[Stored records]
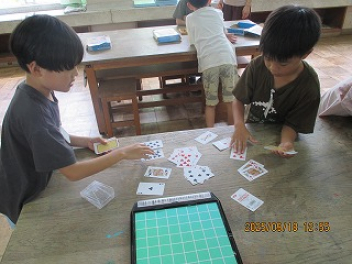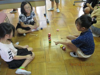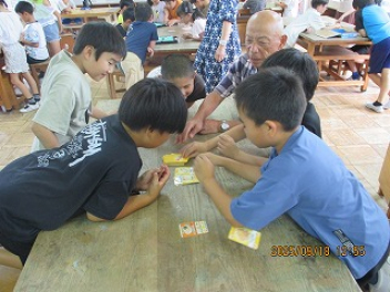 2学期初めてとなる「遊びイベント」が昼休み行われました。地域の方々にお越しいただき、カードゲームやコマ、将棋にだるま落としなど、たくさんの遊びが3つの教室で行われました。また、読み聞かせや折紙などもありました。子供たちはそれぞれの遊びを楽しんでいました。
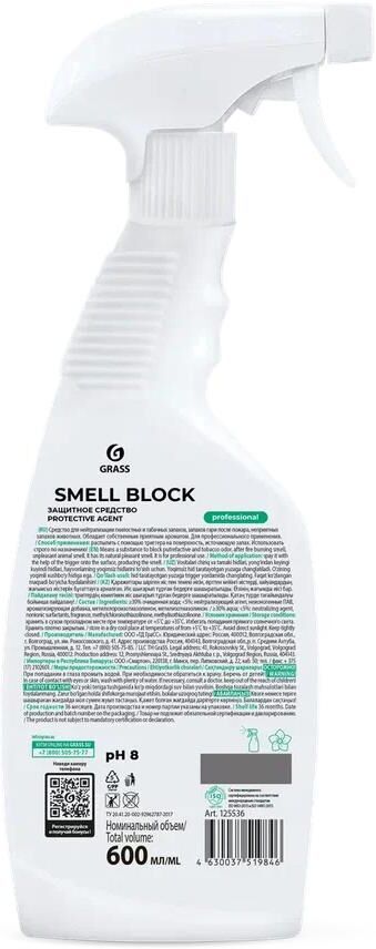 Нейтрализатор запаха "Smell Block" Professional (флакон 600 мл) Средство для нейтрализации гнилостных и табачных запахов, запахов гари после пожара, неприятных запахов животных. Обладает собственным приятным ароматом. Состав: ≥30% очищенная вода; <5%: нейтрализующий агент, неионогенные ПАВ, ароматизирующая добавка, метилхлороизотиазолинон, метилизотиазолинон. Способ применения: распылить с помощью триггера на поверхность, источающую запах. Использовать строго по назначению
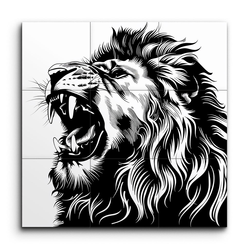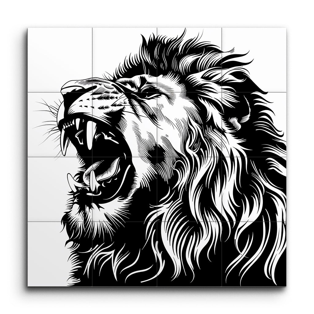 Unleash the wild beauty of nature with this stunning tile mural featuring a roaring lion. The highly detailed and dynamic illustration captures the raw power and majesty of the king of the jungle. The lion’s open mouth and sharp teeth, combined with the flowing, intricate lines of its mane, create a sense of movement and texture. The dramatic black and white contrast, reminiscent of traditional woodcut prints, emphasizes the lion's fierce intensity, making this mural a striking centerpiece for any space.
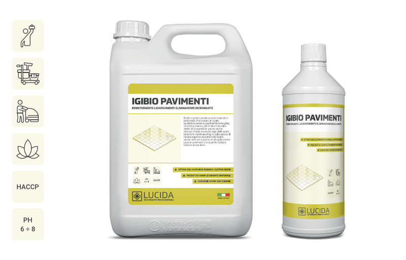 Biodetergente completamente naturale per l’utilizzo quotidiano su pavimenti e superfici in genere anche verticali come gres, ceramica, marmo, plastica, pietre dure naturali e artificiali. Grazie alla tecnologia delle spore batteriche continua ad agire sullo sporco di natura organica presente nelle fughe anche nelle ore successive all’applicazione. Lascia i pavimenti e le superfici trattate lucide e senza aloni. Dopo il trattamento rimane nell’ambiente una gradevole e duratura nota di Bouquet Floreale. Non utilizzare mai prodotti disinfettanti o igienizzanti contemporaneamente all’applicazione di IGIBIO PAVIMENTI, neanche nelle 48/72 ore successive.
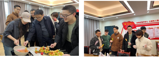 糖葫芦制作过程中,大家看着金黄色的糖浆在火候的催化下逐渐浓稠、翻滚,一串串香甜的糖葫芦应运而生。室外寒风凛冽,室内围炉话新春,糖果香四溢飘香,大家开心品鉴自己制作的糖葫芦,相互送着马年祝福,平时严肃的学术探讨化作了此刻家常唠嗑和品尝甜蜜。
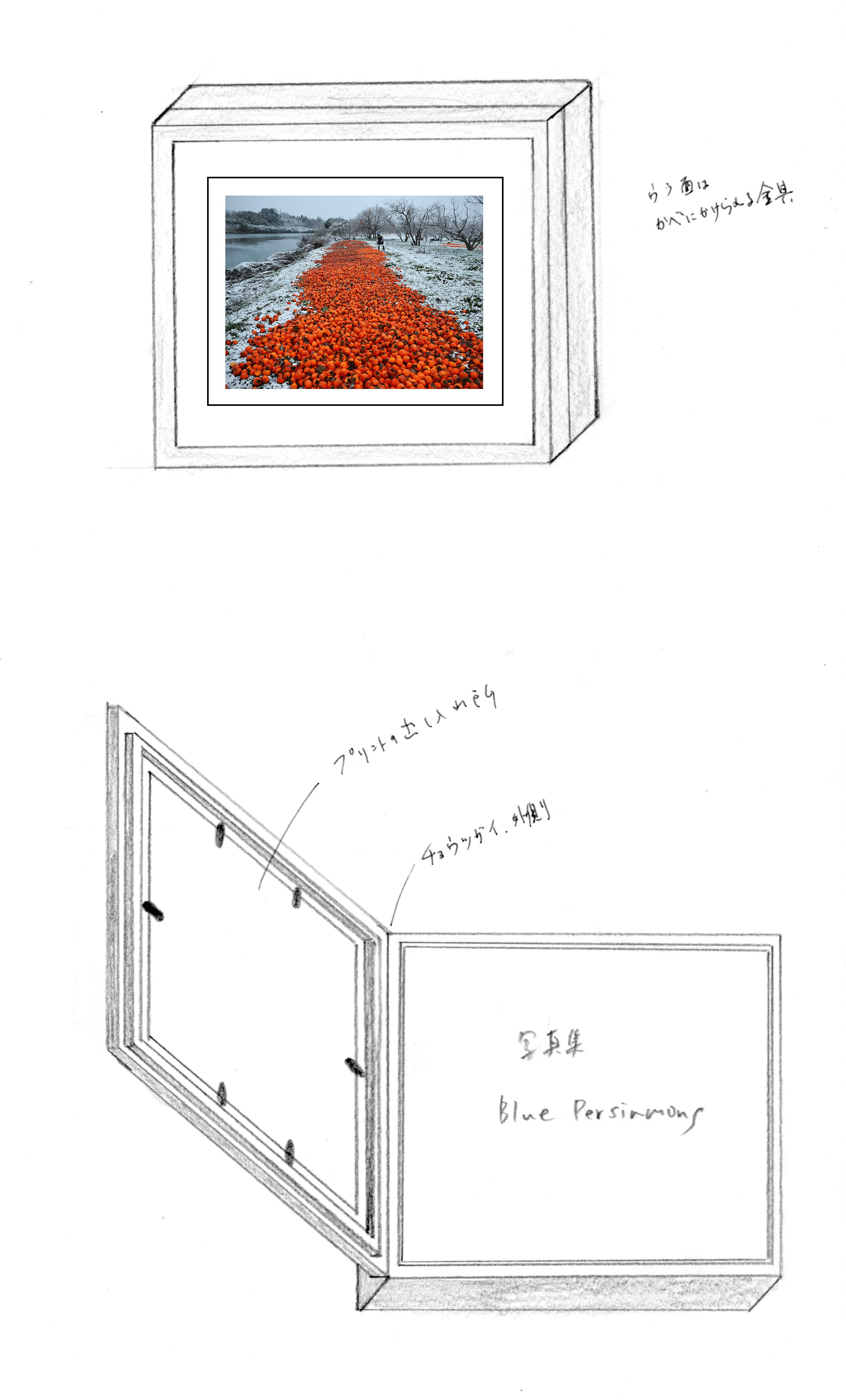 当プロジェクトで制作する写真集「Blue Persimmons ー青い柿ー」(直筆サイン入り)をお届けします。
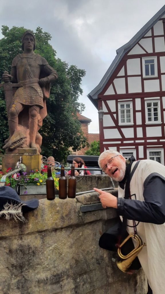 Eine Treppe hoch und am Hinterturm vorbei, nahm uns der Stadt- und Nachtwächter Hagen in Empfang. Er war nicht nur wie ein Stadt- und Nachtwächter gekleidet, er hatte auch Horn und Schwert dabei. Ungewöhnlich war aber der Gürtel, in den hochprozentige große Flaschen gesteckt wurden.
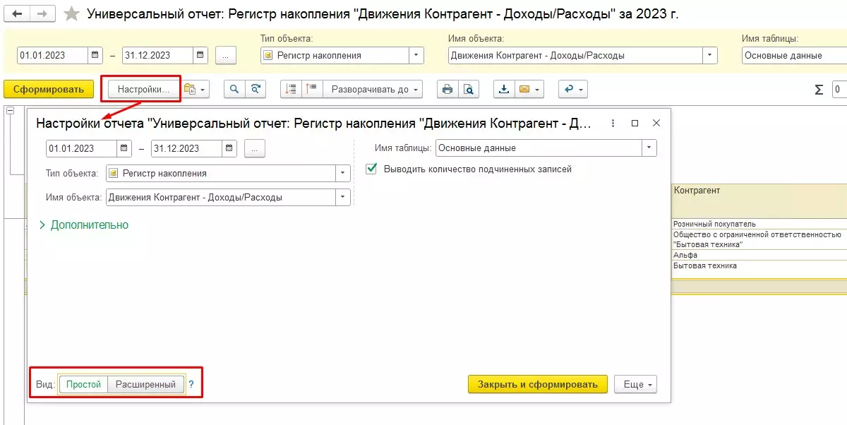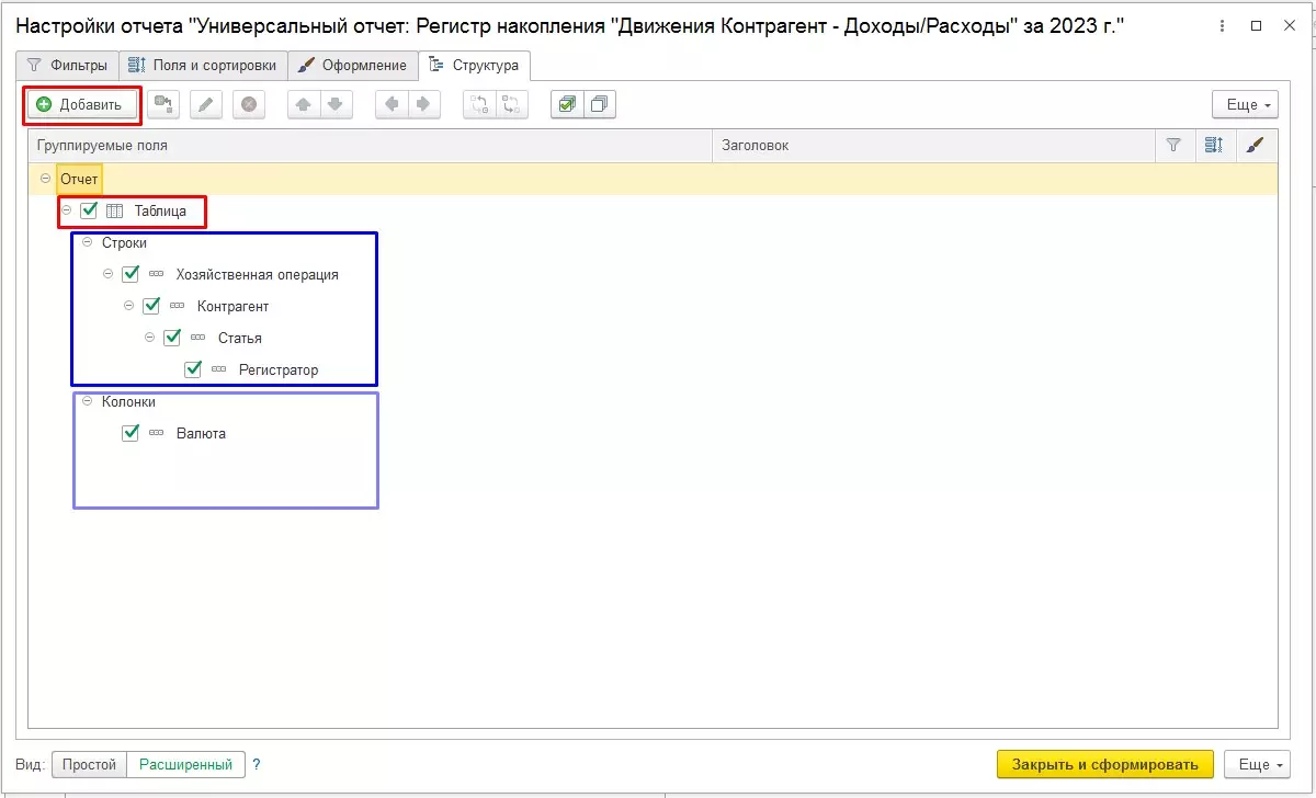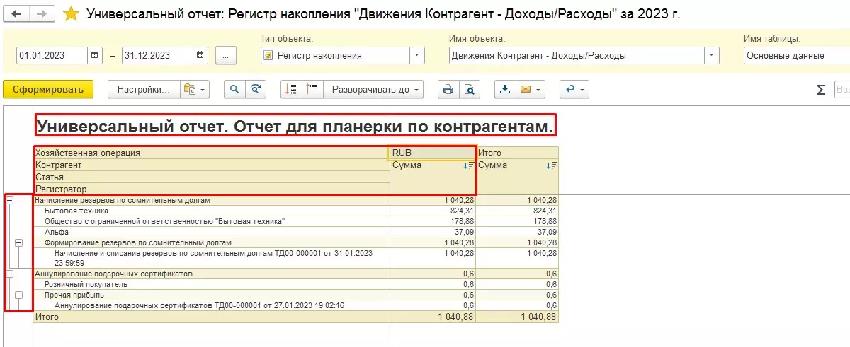 Формирование Универсального отчета

> [Assignment]:
Repeat the entries exactly as they are given, leaving out each image.

> [Answer to the exercise]:
 2学期初めてとなる「遊びイベント」が昼休み行われました。地域の方々にお越しいただき、カードゲームやコマ、将棋にだるま落としなど、たくさんの遊びが3つの教室で行われました。また、読み聞かせや折紙などもありました。子供たちはそれぞれの遊びを楽しんでいました。
 Нейтрализатор запаха "Smell Block" Professional (флакон 600 мл) Средство для нейтрализации гнилостных и табачных запахов, запахов гари после пожара, неприятных запахов животных. Обладает собственным приятным ароматом. Состав: ≥30% очищенная вода; <5%: нейтрализующий агент, неионогенные ПАВ, ароматизирующая добавка, метилхлороизотиазолинон, метилизотиазолинон. Способ применения: распылить с помощью триггера на поверхность, источающую запах. Использовать строго по назначению
 Unleash the wild beauty of nature with this stunning tile mural featuring a roaring lion. The highly detailed and dynamic illustration captures the raw power and majesty of the king of the jungle. The lion’s open mouth and sharp teeth, combined with the flowing, intricate lines of its mane, create a sense of movement and texture. The dramatic black and white contrast, reminiscent of traditional woodcut prints, emphasizes the lion's fierce intensity, making this mural a striking centerpiece for any space.
 Biodetergente completamente naturale per l’utilizzo quotidiano su pavimenti e superfici in genere anche verticali come gres, ceramica, marmo, plastica, pietre dure naturali e artificiali. Grazie alla tecnologia delle spore batteriche continua ad agire sullo sporco di natura organica presente nelle fughe anche nelle ore successive all’applicazione. Lascia i pavimenti e le superfici trattate lucide e senza aloni. Dopo il trattamento rimane nell’ambiente una gradevole e duratura nota di Bouquet Floreale. Non utilizzare mai prodotti disinfettanti o igienizzanti contemporaneamente all’applicazione di IGIBIO PAVIMENTI, neanche nelle 48/72 ore successive.
 糖葫芦制作过程中,大家看着金黄色的糖浆在火候的催化下逐渐浓稠、翻滚,一串串香甜的糖葫芦应运而生。室外寒风凛冽,室内围炉话新春,糖果香四溢飘香,大家开心品鉴自己制作的糖葫芦,相互送着马年祝福,平时严肃的学术探讨化作了此刻家常唠嗑和品尝甜蜜。
 当プロジェクトで制作する写真集「Blue Persimmons ー青い柿ー」(直筆サイン入り)をお届けします。
 Eine Treppe hoch und am Hinterturm vorbei, nahm uns der Stadt- und Nachtwächter Hagen in Empfang. Er war nicht nur wie ein Stadt- und Nachtwächter gekleidet, er hatte auch Horn und Schwert dabei. Ungewöhnlich war aber der Gürtel, in den hochprozentige große Flaschen gesteckt wurden.
 Формирование Универсального отчета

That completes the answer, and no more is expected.